Multiobjective Optimization of a Hybrid Wind/Solar Battery Energy System in the Arctic
Author(s) -
Thanh-Tuan Nguyen,
Tobias Boström
Publication year - 2021
Publication title -
journal of renewable energy
Language(s) - English
Resource type - Journals
eISSN - 2314-4394
pISSN - 2314-4386
DOI - 10.1155/2021/8829561
Subject(s) - turbine , battery (electricity) , reliability (semiconductor) , particle swarm optimization , renewable energy , wind power , automotive engineering , reliability engineering , photovoltaic system , computer science , hybrid system , environmental science , simulation , engineering , power (physics) , electrical engineering , aerospace engineering , physics , quantum mechanics , machine learning
This paper presents an optimal design of a hybrid wind turbine/PV/battery energy system for a household application using a multiobjective optimization approach, namely, particle swarm optimization (PSO). The ultimately optimal component selection of the hybrid renewable energy system (HRES) is suggested by comprehensively investigating the effects of various factors on the cost-reliability relation, such as the mounting orientation, temperature on the PV modules, wind turbine hub height, different types of batteries, and different load profiles.
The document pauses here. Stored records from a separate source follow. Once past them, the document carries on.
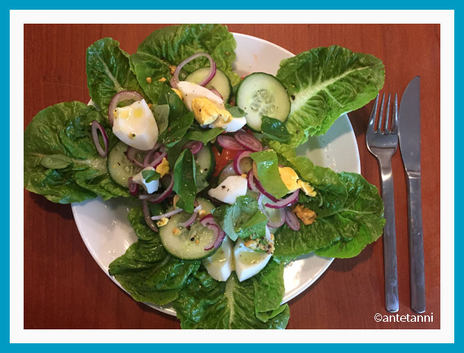 5_Genuss | Es gab viele leckere Dinge in dieser Woche. Von einem leckeren Salat (quasi einen Salat nicoise, jedoch in abgespeckter Form mit den Sachen, die im Kühlschrank waren – dazu gab es noch selbst gemachte Grünkernbratlinge, die mega-lecker waren) über die immer wieder köstliche Kichererbsencreme, Tomaten und Mozzarella mit Oliven, zum Trinken einen leckeren Rosé-Wein wie auch einen Sanbitter… Es mangelte uns an nichts. 🙂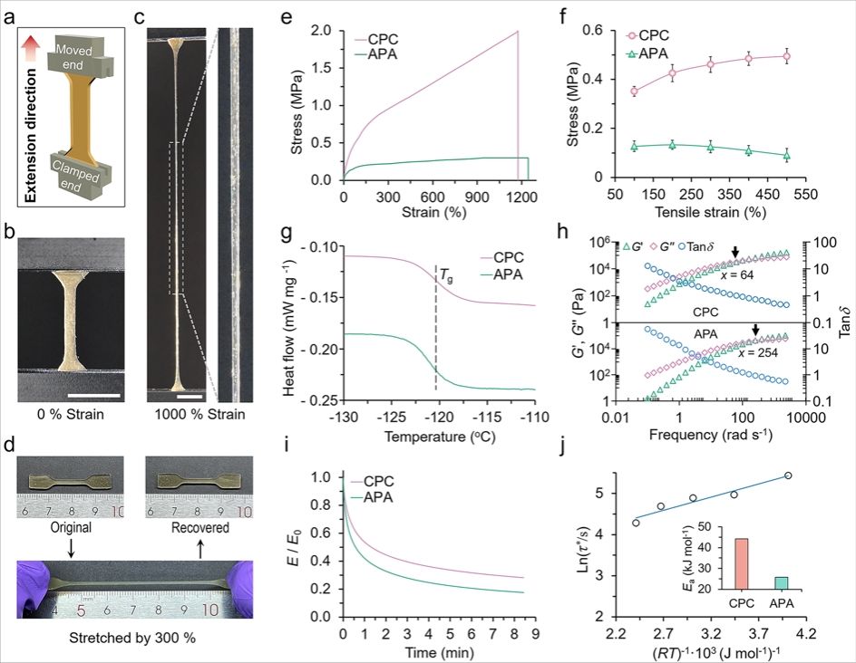 力学测试表明,CPC在保持1100%高延展性的同时断裂强度达2.0 MPa,相比APA和PPP分别提升571.1%和121.2%。流变学与应力分析显示,CPC体系具有更高的储能模量、更低的流动转变频率(64 rad s-1)以及更慢的应力松弛行为(3.83 min),其表观活化能为44.3 kJ mol-1。端基约束策略通过抑制链间滑移增强熵弹性贡献,实现了本体材料韧性、抗蠕变性与弹性恢复能力的协同提升。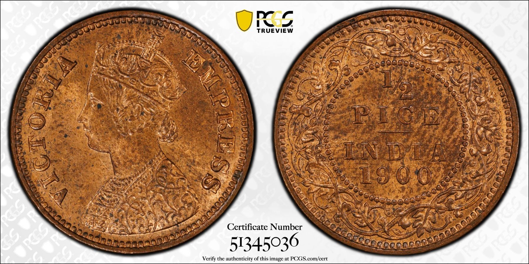 BRITISH INDIA: Victoria, Empress, 1876-1901, AE 1/2 pice, 1900(c), PCGS MS63 RB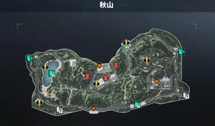 秋山主要由八部分组成,分别是最西侧的1号区域【工厂大门】、西侧的2号区域【军事基地】、西南侧的3号区域【湖边露营】、中央的4号区域【别墅区】、东南侧的5号区域【度假村】、别墅东北侧的6号区域森林缆车、东侧的7号区域【高尔夫球场】以及地图东北侧的8号区域【大门岗哨】。玩家可以在1-3号、5-8号出生点之间自由选择,其中2号、4号、6号区域均有概率刷新BOSS怪。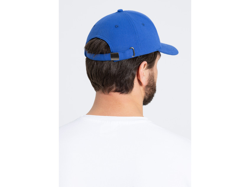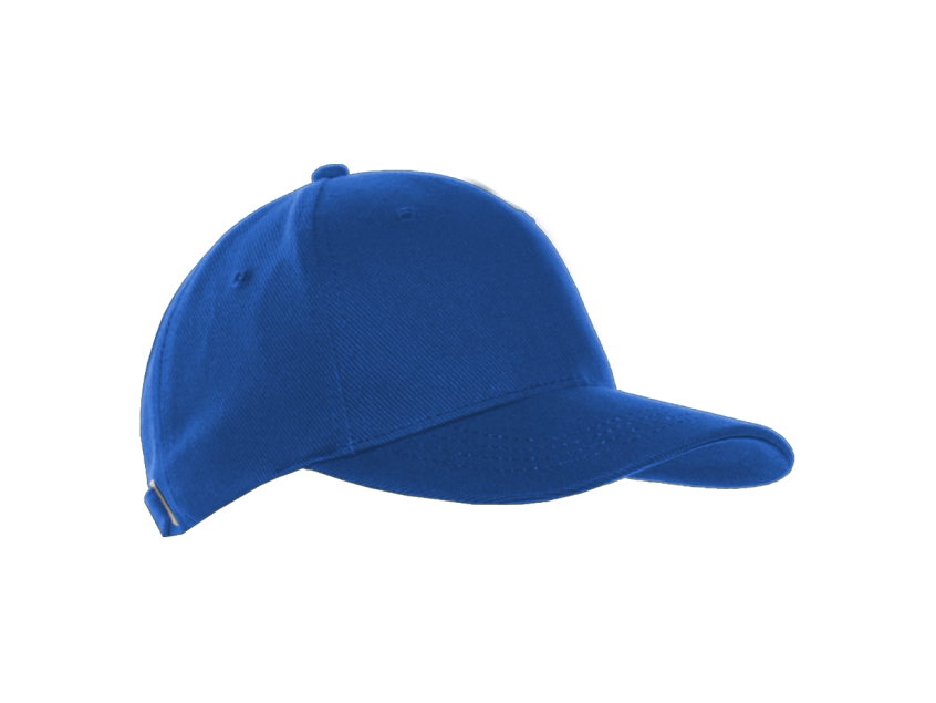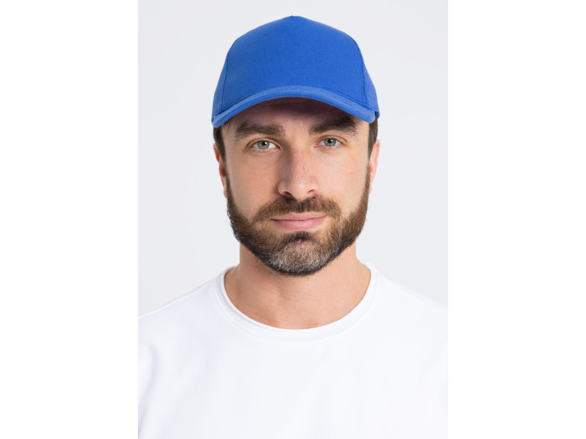 Бейсболка-пятиклинка без лобового шва с изогнутым жестким козырьком и регулируемой металлической застежкой.

The optimization results show the feasibility of HRES for a single-family household demand in the arctic region of Tromsø, Norway. As we will discuss in the results, an HRES operating in such a region can achieve great energy-autonomous levels at a reasonable cost partially thanks to the cold climate. The mounting structure and temperature effects on the PV modules and the battery type can significantly change the system performance in terms of cost and reliability, while a higher wind turbine hub offers little improvement. The result suggests an optimal HRES consisting of a wind turbine with a swept area of 21 m2 and a hub height of 12 m, a PV system of 12 m2 with 2-axis tracking, and a battery bank of 3 kWh. This system will achieve 98.2% in self-reliance. Assuming that the system lifetime is 20 years, the annual cost is about 900 USD. Even though this study focuses on an HRES for a single-family application in the arctic, such an approach can be extended for other applications and in other geographical areas.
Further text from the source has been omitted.